Correlating the more than 50,000 genetic and molecular features that emerged from these cell lines created a computational challenge that the scientists met by adapting algorithms to the biological data. They tested this tool against genetic alterations known to predict sensitivity to cancer drugs, and confirmed the value of their systematic approach. Then they applied the predictive modelling methodology to genetic subtypes of cancer known to pose challenges for current treatment modalities.

For example, a variety of cancers have mutations in the NRAS gene, which activates signalling pathways important in tumour growth. Some NRAS-mutant cancers, including a subset of melanomas, may prove vulnerable to drugs that block a MEK, which is also involved in signalling. The scope of the Cancer Cell Line Encyclopaedia enabled the investigators to study approximately 40 cancer cell lines with this mutation to see if they could predict sensitivity to MEK inhibitor drugs, some of which are being studied in clinical trials.

One of the genetic features that rose to the top of the analysis was expression of the aryl hydrocarbon receptor (AHR) gene in cell lines that were highly sensitive to MEK inhibitors. This suggested that high levels of AHR may indicate higher sensitivity to MEK inhibitor drugs. Additional experiments suggested that some of these same cell lines might also depend on AHR activity, and that MEK inhibitors might simultaneously intercept AHR function in some instances.

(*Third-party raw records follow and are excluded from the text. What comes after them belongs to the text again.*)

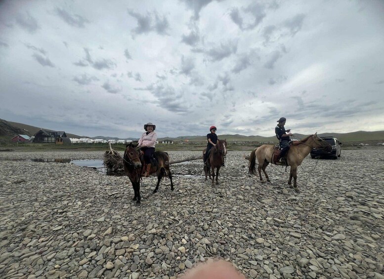 After breakfast, visit a nomad family to see how they live. Horse riding for 40 minut to 1 hour. Enjoy lunch at a local camp or family ger. Visit Turtle Rock and the Aryabal Meditation Temple before heading back to Ulaanbaatar.
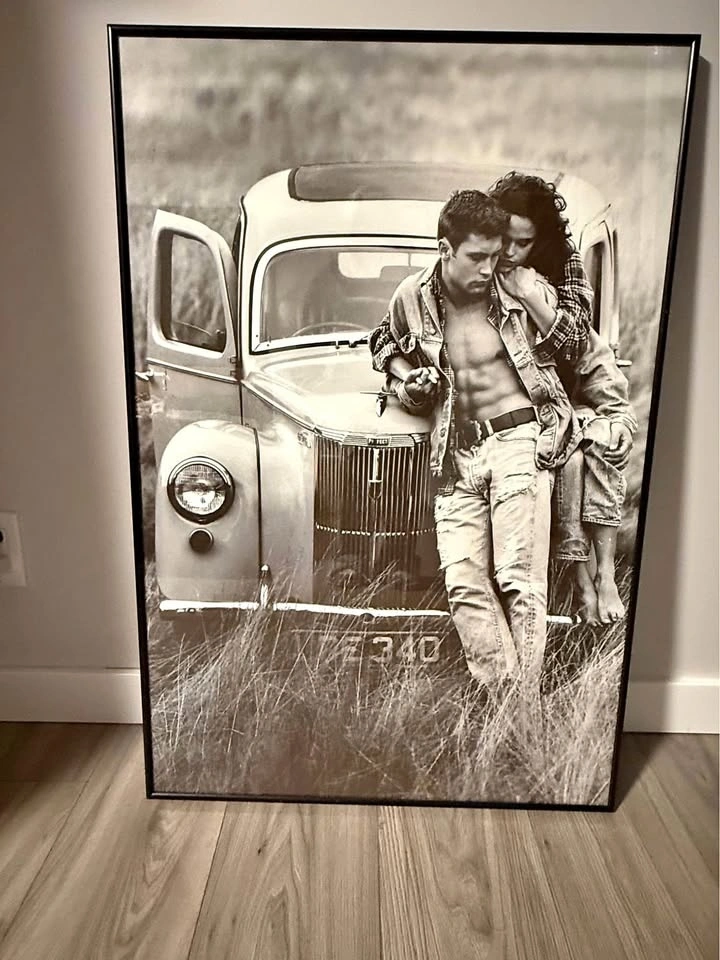 Beautiful black and white picture of young couple. Professionally framed. In excellent condition! Black metal frame. Measures 2’ x 34 1/2”. Non-smoking, non-pet home. Pick up is in South Surrey
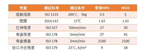 比起傳統HIPS,N522熔指更高,加(jiā)工窗口寬,成型周期(qī)短,當市場需求暴增的時候,N522能更快(kuài)搶占市場。
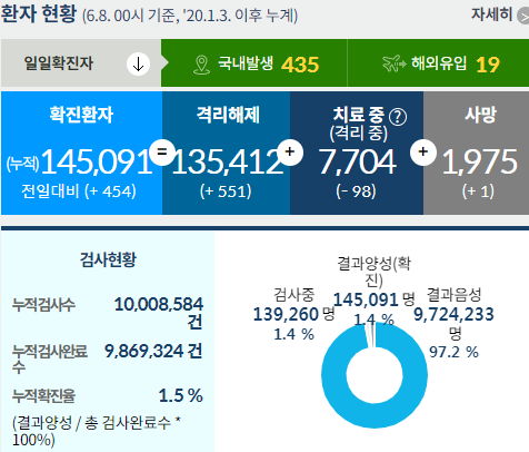 | 코롱나19 집계(2021.6.11. 0시 기준)/:/ 556명/:/ 예방접종 부작용신고집계 없음 (0) | 2021.06.11 |
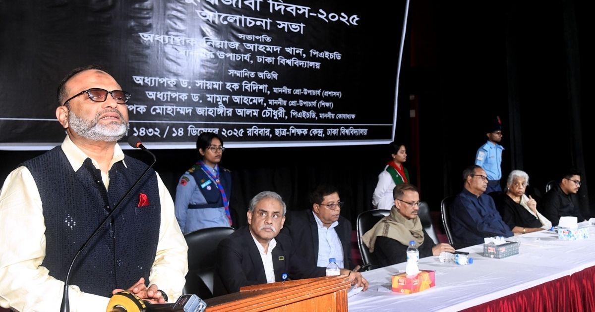 ঢাকা বিশ্ববিদ্যালয়ের উপাচার্য অধ্যাপক ড. নিয়াজ আহমদ খান বলেন, ১৯৫২, ১৯৬৯, ১৯৭১, ১৯৯০ ও ২০২৪-এর ঐতিহাসিক ঘটনাগুলো পরস্পরবিরোধী নয় বরং এগুলো বাংলাদেশের জাতীয় সত্তা ও ইতিহাস নির্মাণ করেছে। এসব ঘটনাকে মুখোমুখি দাঁড় করিয়ে বিভাজন সৃষ্টির যে রাজনৈতিক অপচেষ্টা চলছে, সে ব্যাপারে জাতিকে সচেতন ও ঐক্যবদ্ধ থাকতে হবে। শহিদ বুদ্ধিজীবী দিবস উপলক্ষ্যে আজ ১৪ ডিসেম্বর ২০২৫ রবিবার ছাত্র-শিক্ষক কেন্দ্র মিলনায়তনে আয়োজিত আলোচনা সভায় সভাপতির বক্তব্যে তিনি একথা বলেন।
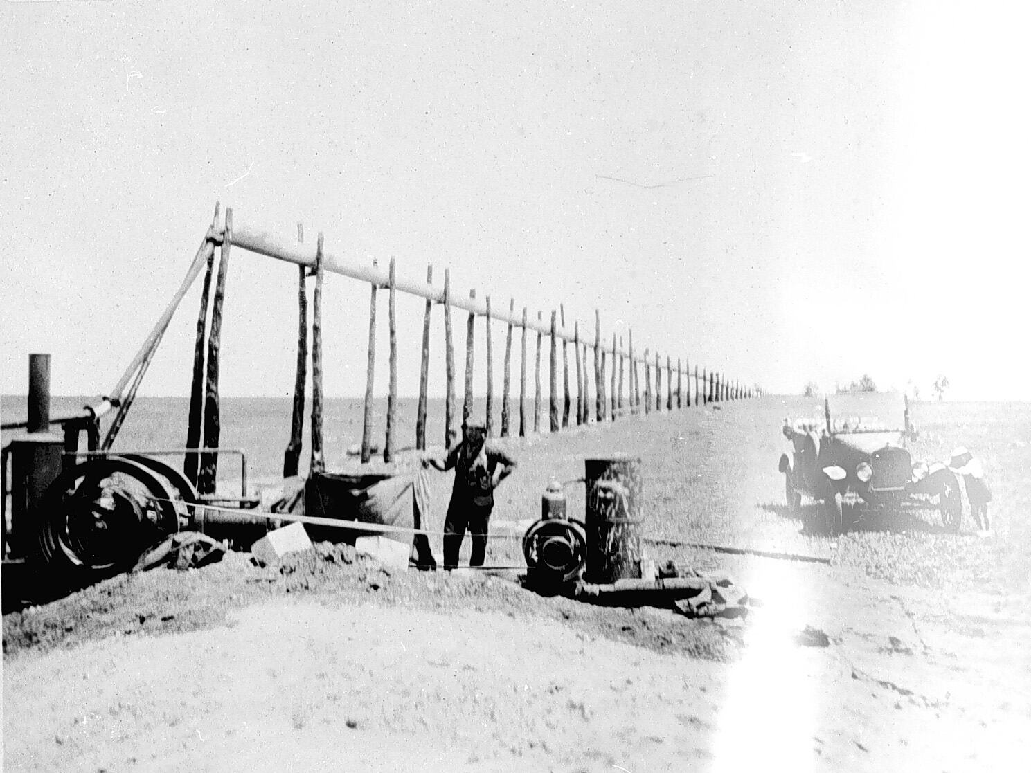 Pumping water from a dam to the farmhouse on 'Sunny Hill' farm. The pump is pumping water along a viaduct of logs.

The scientists also found new predictors of sensitivity to existing chemotherapy drugs in other cancer cell lines. Elevated levels of SLFN11 expression predicted sensitivity to topoisomerase inhibitors. Another analysis indicates that multiple myeloma may respond to IGF1 receptor inhibitors. Formal clinical studies will be required to learn if these features will hold true in patients.

Armed with this kind of knowledge from the Cancer Cell Line Encyclopaedia, researchers may have a much clearer idea of which tumours are most likely to respond to particular drugs before using them in clinical trials. Knowing that kind of information very early might help to improve the success rate of drug development, compared to a genetically ’agnostic’ approach that includes any patient with advanced cancer without knowledge of a genetic profile. In addition, the scientists can ask questions not only about emerging targeted therapies, but also about standard chemotherapy drugs.

Data publicly available

There are more volumes to be written in this encyclopaedia. From a computational biology perspective, it’s a clean, complex data set that allows many more analyses. In the next phase, analyses based on deeper sequencing, profiles of metabolic activity, and epigenetic modifications will also be added.

Pairing this information with ways to rapidly genotype patient tumour samples represents the next step in the effort to enable the personalization of cancer treatment. Some major research hospitals already routinely genetically profile cancer patients’ tumours, and many more are likely to follow, according to the researchers.

Probing cell lines with medicines targeted at specific pathways provides a powerful tool for design of cancer treatment. The researchers place this information in the public domain with hope that many in industry and academia will use these data to discover new drug targets, to evaluate current therapies, and to facilitate treatment for their patients with cancer. The Cancer Cell Line Encyclopaedia is available online at www.broadinstitute.org/ccle.

The Cancer Cell Line Encyclopaedia project was enabled by a grant from the Novartis Institutes for Biomedical Research. Additional funding support was provided by the National Cancer Institute (USA), the Starr Cancer Consortium, and the NIH Director’s New Innovator Award.